As a simplified example, I need to select each instance where a customer had a shipping address that was different from their previous shipping address. So I have a large table with columns such as:
purchase_id | cust_id | date | address | description
-----------------------------------------------------------
1 | 5 | jan | address1 | desc1
2 | 6 | jan | address2 | desc2
3 | 5 | feb | address1 | desc3
4 | 6 | feb | address2 | desc4
5 | 5 | mar | address3 | desc5
6 | 5 | mar | address3 | desc6
7 | 5 | apr | address1 | desc7
8 | 6 | may | address4 | desc8
Note that customers can "move back" to a previous address as customer 5 did in row 7.

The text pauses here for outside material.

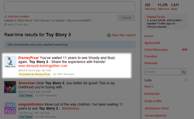 Promoted Trend นั้นเป็นบริการที่แบรนด์หรือบริษัทจะสามารถซื้อคำ hashtag (ป้ายคำหลังเครื่องหมาย #) ที่ต้องการเพื่อให้ Twitter ติดไว้ที่ส่วนบนสุดของรายการ trending topic หรือหัวข้อเรื่องที่ถูกกล่าวถึงบน Twitter มากที่สุดในขณะนั้น ผู้ใช้ที่คลิกบน hashtag นี้จะสามารถเห็นข้อความ tweet จากบริษัทที่ต้องการลงโฆษณาปรากฏที่ส่วนบนสุดของเพจรวมข้อความเกี่ยวกับ hashtag นั้น ซึ่งที่ผ่านมา แบรนด์ใหญ่อย่าง Coke, Disney (ในภาพด้านล่าง) และ Hyundai ล้วนเป็นลูกค้าบริการ promoted trend มานานหลายปี รวมถึงประธานาธิบดี Obama และอดีตผู้ท้าชิงอย่าง Romney ก็เคยเป็นลูกค้า Twitter ในช่วงศึกการเลือกตั้งประธานาธิบดีสหรัฐฯปี 2012 ถ้วนหน้า

What I want to select (and as efficiently as possible as this is a quite large table) is the first row out of every 'block' wherein a customer had subsequent orders shipped to the same address. In this example that would be rows 1,2,5,7,and 8. In all the others, the customer has the same address as their previous order.
So effectively I want to first ORDER BY (cust_id, date)
, then SELECT purchase_id, cust_id, min(date), address, description
.
However I'm having trouble because SQL usualy requires GROUP BY
to be done before ORDER BY
. I can't therefore figure out how to adapt e.g. either of the top answers to this question (which I otherwise quite like.) It is necessary (conceptually, at least) to order by date before grouping or using aggregate functions like min()
, otherwise I would miss instances like row 7 in my example table, where a customer 'moved back' to a previous address.
Note also that two customers can share an address, so I need to effectively group by both cust_id
and address
after ordering by date.
I'm using snowflake which I believe has most of the same commands available as recent versions of PostgreSQL and SQL Server (although I'm fairly new to snowflake so not completely sure.)